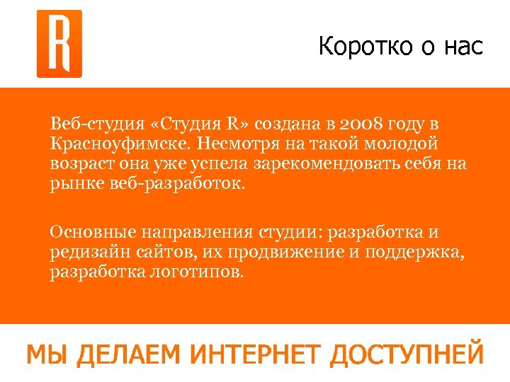 Коротко о нас Веб-студия «Студия R» создана в 2008 году в Красноуфимске. Несмотря на такой молодой возраст она уже успела зарекомендовать себя на рынке веб-разработок. Основные направления студии: разработка и редизайн сайтов, их продвижение и поддержка, разработка логотипов.
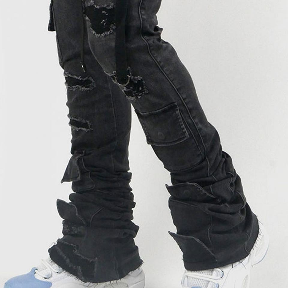 Stacked Skinny Jeans Men's Jeans Cargo Pocket Men's Premium Stretch Distressed Washed Jeans for Men
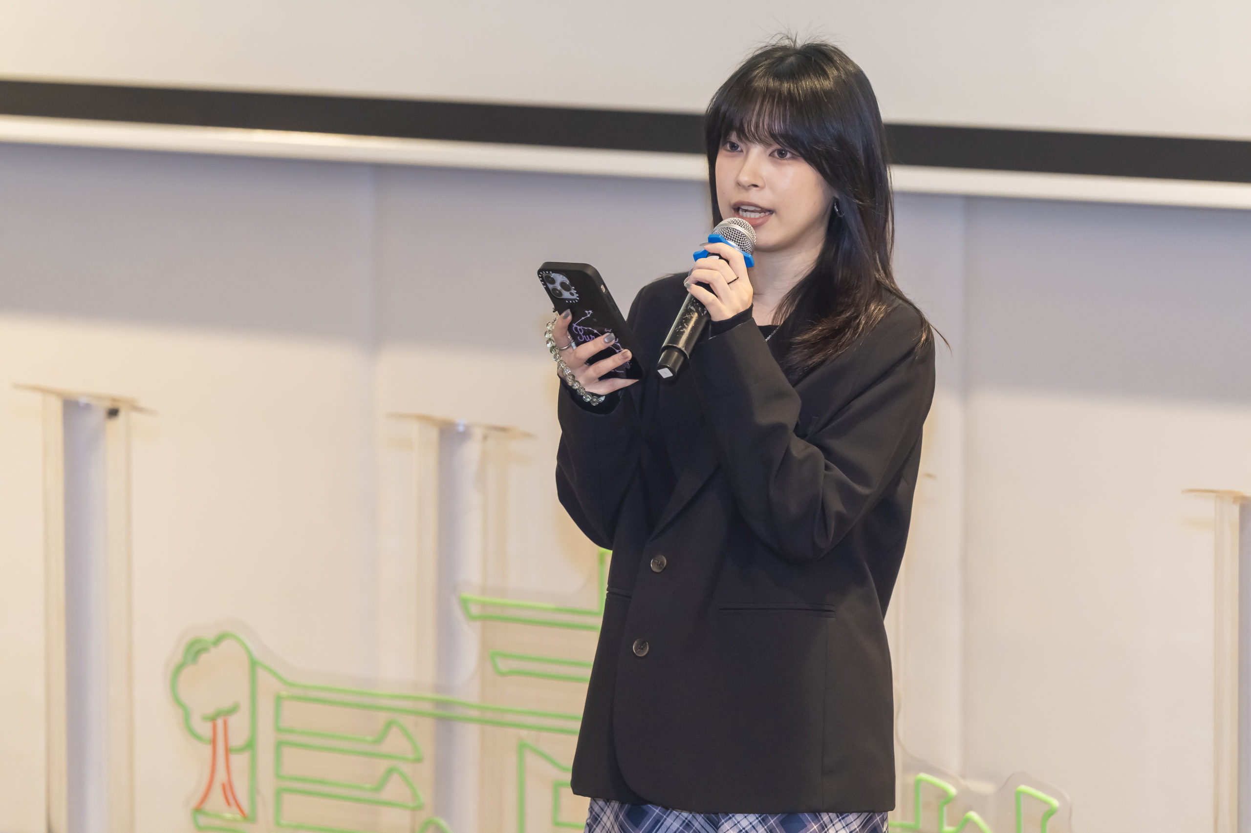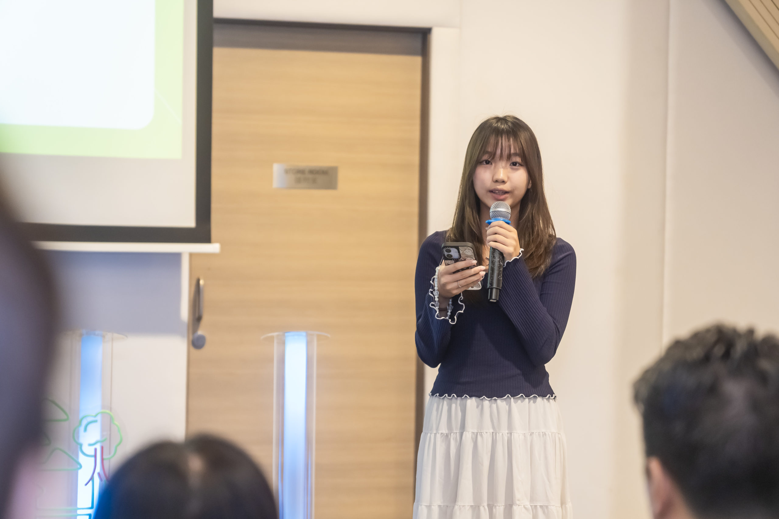 上年度參與義工服務的中文系蔡悅彤同學,向嘉賓及新一屆義工分享經歷。她形容計劃提供很多接觸長者的機會,透過陪伴與幫助,滿足他們的日常需要。蔡同學負責資訊科技範疇,曾於今年4月的「老友記大學體驗日」為60位長者介紹VR服務。
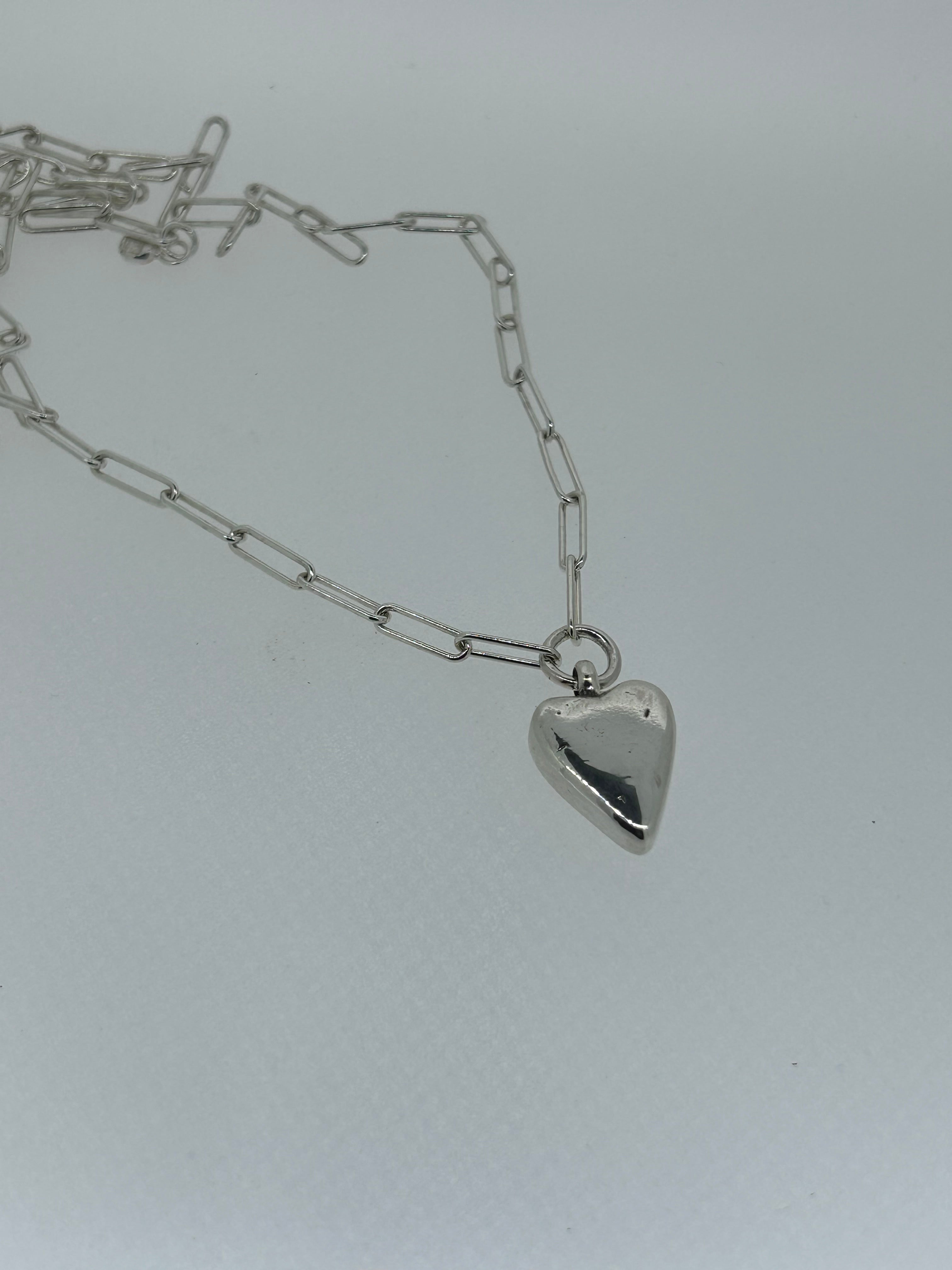 The Maxi heart made in solid sterling silver on our 18 inch sterling silver trace chain..
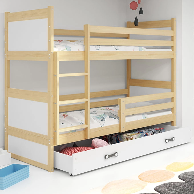 Wir wissen, dass es Ihr Ziel ist, Ihren Kindern Sicherheit und Komfort zu bieten. Sie möchten, dass sie zu Hause ihren eigenen Platz haben. Wir sind uns auch bewusst, dass es nicht einfach ist, ein gemeinsames Zimmer für zwei Kinder einzurichten, insbesondere wenn der Altersunterschied groß ist. Wenn Sie vor einer solchen Herausforderung stehen, haben wir genau das Richtige für Sie: das Etagenbett RICO. Die Holzkonstruktion ist stabil und die hochfesten Schrauben sorgen für zusätzliche Verstärkung. Die am unteren und oberen Bett angebrachten Geländer schützen die Kleinen zusätzlich vor Stürzen, selbst wenn sie nachts noch voller Energie sind. Sie können sowohl auf der rechten als auch auf der linken Seite montiert werden, die Entscheidung liegt bei Ihnen. Der Rahmen aus flexiblen Latten fördert eine korrekte Körperhaltung, was sich in Zukunft in einer gesunden und starken Wirbelsäule auszahlt, für die Ihre Kinder Ihnen dankbar sein werden. Naturholz verleiht jedem Raum Wärme und bietet eine Vielzahl von Gestaltungsmöglichkeiten.Die Bettgröße 90x200 ist eine äußerst komfortable Lösung. Sie bietet viel Platz zum Schlafen. Das ist besonders dann von unschätzbarem Wert, wenn der Altersunterschied zwischen Ihren Schätzen groß ist. Außerdem ist es eine Investition für viele Jahre – sowohl für 5-Jährige als auch für Teenager bequem.

------

* [WORK INSTRUCTION] Would you write each entry out again exactly, omitting the images?

* [ANSWER TO THE EXERCISE]
 Коротко о нас Веб-студия «Студия R» создана в 2008 году в Красноуфимске. Несмотря на такой молодой возраст она уже успела зарекомендовать себя на рынке веб-разработок. Основные направления студии: разработка и редизайн сайтов, их продвижение и поддержка, разработка логотипов.
 Stacked Skinny Jeans Men's Jeans Cargo Pocket Men's Premium Stretch Distressed Washed Jeans for Men
 上年度參與義工服務的中文系蔡悅彤同學,向嘉賓及新一屆義工分享經歷。她形容計劃提供很多接觸長者的機會,透過陪伴與幫助,滿足他們的日常需要。蔡同學負責資訊科技範疇,曾於今年4月的「老友記大學體驗日」為60位長者介紹VR服務。
 The Maxi heart made in solid sterling silver on our 18 inch sterling silver trace chain..
 Wir wissen, dass es Ihr Ziel ist, Ihren Kindern Sicherheit und Komfort zu bieten. Sie möchten, dass sie zu Hause ihren eigenen Platz haben. Wir sind uns auch bewusst, dass es nicht einfach ist, ein gemeinsames Zimmer für zwei Kinder einzurichten, insbesondere wenn der Altersunterschied groß ist. Wenn Sie vor einer solchen Herausforderung stehen, haben wir genau das Richtige für Sie: das Etagenbett RICO. Die Holzkonstruktion ist stabil und die hochfesten Schrauben sorgen für zusätzliche Verstärkung. Die am unteren und oberen Bett angebrachten Geländer schützen die Kleinen zusätzlich vor Stürzen, selbst wenn sie nachts noch voller Energie sind. Sie können sowohl auf der rechten als auch auf der linken Seite montiert werden, die Entscheidung liegt bei Ihnen. Der Rahmen aus flexiblen Latten fördert eine korrekte Körperhaltung, was sich in Zukunft in einer gesunden und starken Wirbelsäule auszahlt, für die Ihre Kinder Ihnen dankbar sein werden. Naturholz verleiht jedem Raum Wärme und bietet eine Vielzahl von Gestaltungsmöglichkeiten.Die Bettgröße 90x200 ist eine äußerst komfortable Lösung. Sie bietet viel Platz zum Schlafen. Das ist besonders dann von unschätzbarem Wert, wenn der Altersunterschied zwischen Ihren Schätzen groß ist. Außerdem ist es eine Investition für viele Jahre – sowohl für 5-Jährige als auch für Teenager bequem.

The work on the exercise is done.